It is the intention of the Parties that, as soon as is practicable, LA Food Co. would become
engaged in the food industry, as approved from time to time by the Board of Directors of LA Food
Co.. The parties agree that, subject to the availability of necessary capital, LA Food Co. would
expand its business operations into certain lines of business, all as described in Exhibit V hereto.
VI. AGREEMENT WITH RESPECT TO COMMON STOCK OF LA FOOD CO.

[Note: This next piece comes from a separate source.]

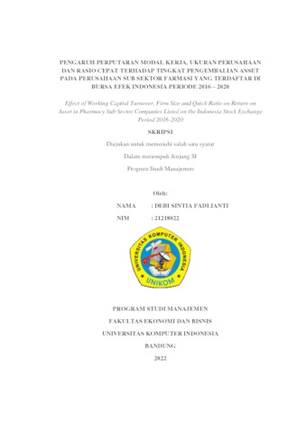 Fadlianti, Debi Sintia (2022) Pengaruh Perputaran Modal Kerja, Ukuran Perusahaan Dan Rasio Cepat Terhadap Tingkat Pengembalian Asset Pada Perusahaan Sub Sektor Farmasi Yang Terdaftar Di Bursa Efek Indonesia Periode 2016 – 2020. Other thesis, Universitas Komputer Indonesia.
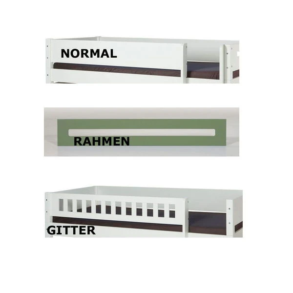 - dreiteilige Absturzsicherung (hinten, Kopf- und Fußteil) – Farbe wie Bett

All of the shares of common stock of LA Food Co. to be issued by LA Food Co. to DLoflin,
Goldman and N&N hereunder, including the shares underlying the common stock purchase warrants
to be delivered to DLoflin, Goldman and N&N pursuant to Article IV, shall be subject to the terms
and conditions of this Section VI. Any additional shares of common stock of LA Food Co. acquired
by DLoflin, Goldman and N&N, either by purchase, dividend or otherwise, shall be subject to the
terms and conditions of this Section VI.
A. Endorsement of Common Stock Certificates. Each certificate representing shares of
common stock of LA Food Co. to be issued pursuant to this Agreement, or issued thereafter, to
DLoflin, Goldman and/or N&N shall bear the following legend conspicuously printed or typewritten
on its face:
“SEE TRANSFER RESTRICTIONS ON REVERSE SIDE.”

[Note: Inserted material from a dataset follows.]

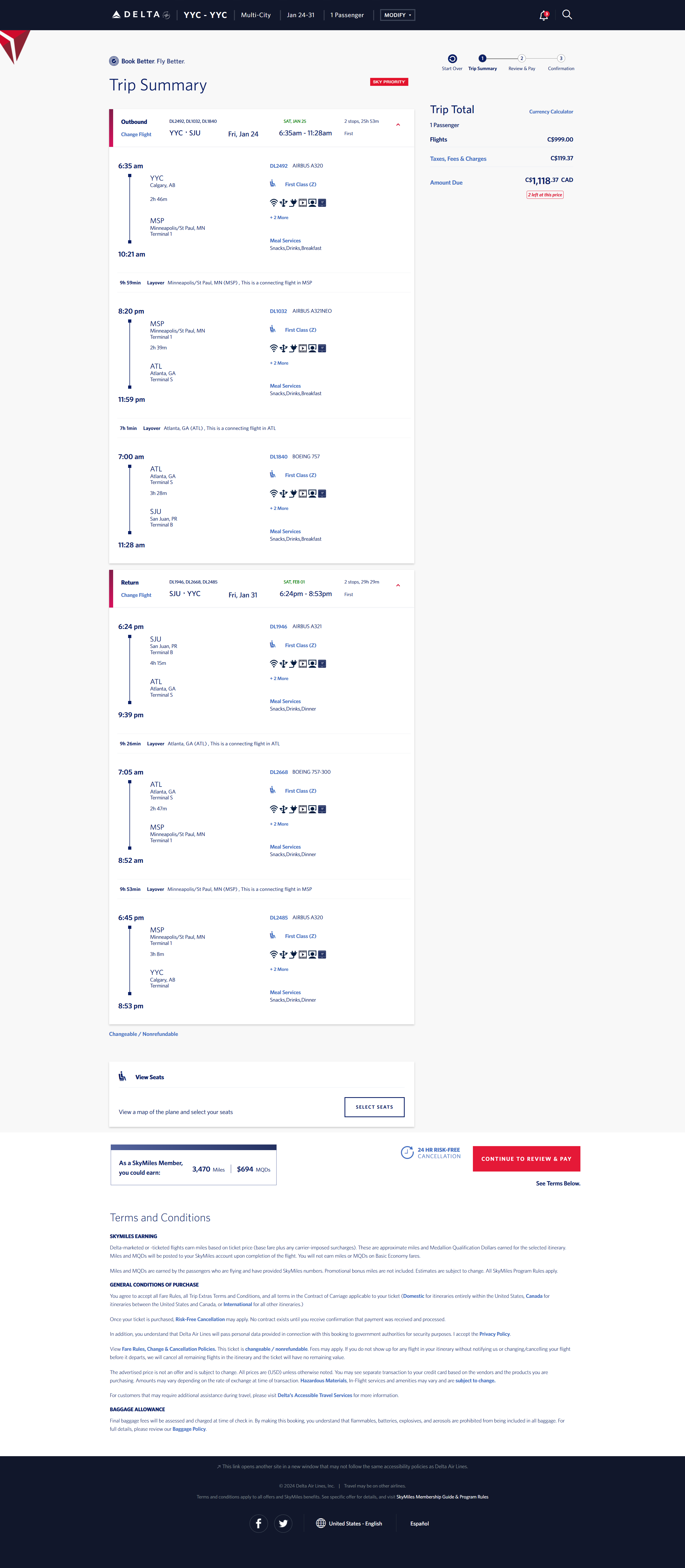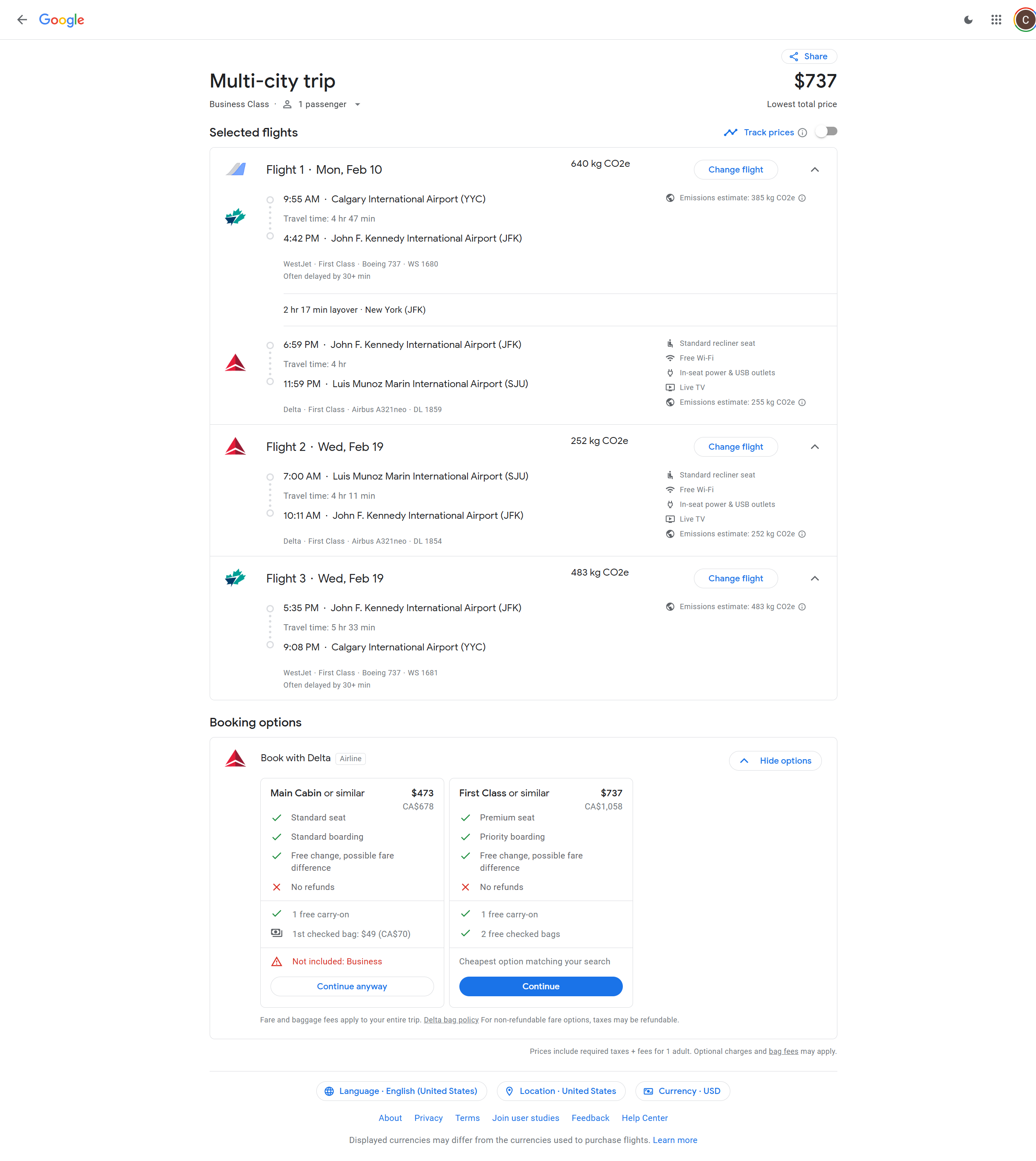 Delta Air Lines / WestJet - Calgary, Alberta, Canada (YYC) to San Juan (SJU) - 1058 CAD / $737 USD roundtrip in domestic first
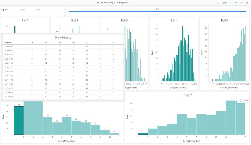 And this where I had an interesting insight: What if there was a relationship between the value of one ball versus another ? This though occurred to me when, using an info window, I clicked on the value 2 of the histogram for ball number 1, I noticed that ball number 2 had the value 10 repeating on more than one line. Exciting !

The reverse side of each such certificate shall bear the following, or substantially similar, legends conspicuously printed or typewritten thereon:
“THE SECURITIES REPRESENTED BY THIS CERTIFICATE ARE SUBJECT TO THE TERMS OF A PRE-FORMATION AGREEMENT AND SUBSCRIPTION, DATED AS OF AUGUST ___, 2010, BY AND AMONG XXXXX XXXXXX, XXXX X. XXXXXXX, M.D. AND XXXXXX & XXXXXX, ATTORNEYS AT LAW.”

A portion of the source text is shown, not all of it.